Муравьев был удивлен такой ученостью. Невельской не подходил под обычное понятие офицера, да еще гвардейского экипажа. Муравьев почувствовал, что в этом светском на вид гвардейце таятся силы, энергия и выносливость.
– Могут ли быть верны карты, когда в договоре ясно сказано, что часть земель не разграничена? А на современных картах никаких неразграниченных земель нет и проложена прямая граница от гор к морю. Кто ее проложил? Когда? Никаких комиссий по разграничению не бывало, как не бывало вообще заключено никогда и никаких соглашений по этому вопросу, кроме Нерчинского договора. Кто же провел там границу? Откуда же она явилась теперь? Впервые граница появилась на английских и французских картах, а мы перепечатали их, не сознавая, что делаем.
– Есть эти карты у вас?
– Да…
– Представьте их мне…
Невельской давно все приготовил. Со всех документов были сняты копии. Он ответил, что архивариус министерства иностранных дел явится сам и представит бумаги его превосходительству.
– Только исследовав устье Амура и установив независимость обитающих на нем племен, – как утверждает академик Миддендорф, – мы можем опровергнуть ложное мнение…
– А вы уверены во всем этом? – испытующе глядя на офицера, спросил Муравьев.
– Совершенно уверен, ваше превосходительство!
– А как китайские карты, про которые сообщает Иакинф?
– Иакинф? – переспросил капитан, поднимая брови, и сощурился, как бы намереваясь сказать что-то резкое. – Его карты не могут быть приняты в расчет, – вымолвил он спокойно. – Иакинф увлечен всем китайским и верит всем басням, их официальной географии. Точных научных сведений эти карты не содержат. В них включены все ошибки европейских карт и все фантазии китайских мандаринов, будто бы на устье Амура крепость и десять тысяч войска.
– Черт знает какая путаница! – воскликнул губернатор.
Что земли там пустынны, Муравьев слыхал и прежде; что их могло захватить любое иностранное государство, это также очевидно… Что земля там была русская, сомнений не было.
– В настоящее время в Финляндии строится судно, капитаном которого я назначен. Этот транспорт – «Байкал».

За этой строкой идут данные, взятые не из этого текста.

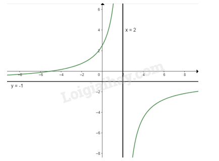 \(\mathop {\lim }\limits_{x \to  + \infty } y = \mathop {\lim }\limits_{x \to  + \infty } \frac{{5 + x}}{{2 – x}} =  – 1;\mathop {\lim }\limits_{x \to  – \infty } y = \mathop {\lim }\limits_{x \to  – \infty } \frac{{5 + x}}{{2 – x}} =  – 1\) nên y = -1 là tiệm cận ngang của đồ thị hàm số
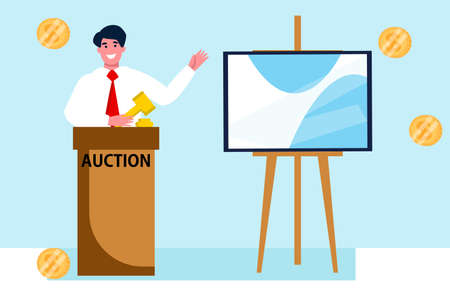 Man Auctioneer with Gavel. Sales in Art Gallery. People Buyers Bargain for Picture. Vector Flat Illustration.

Капитан стал излагать план исследований лимана и устьев реки Амура. Этот план не требовал особых средств. Будущим летом, одновременно с морской экспедицией, к Амуру надо послать сухопутную экспедицию, которая выяснила бы ряд вопросов, в том числе пограничный, и произвела бы съемку, определила направление хребтов, и еще экспедицию по реке, которая сплавилась бы вниз по Амуру до моря на лодке из Забайкалья.
– В эту экспедицию должен входить военный топограф, а также ученые, изучающие Восток.
Все это было заманчиво.
– Я рекомендую вам человека, который отдал всю свою жизнь изучению Востока. Он может быть полезен вашему превосходительству.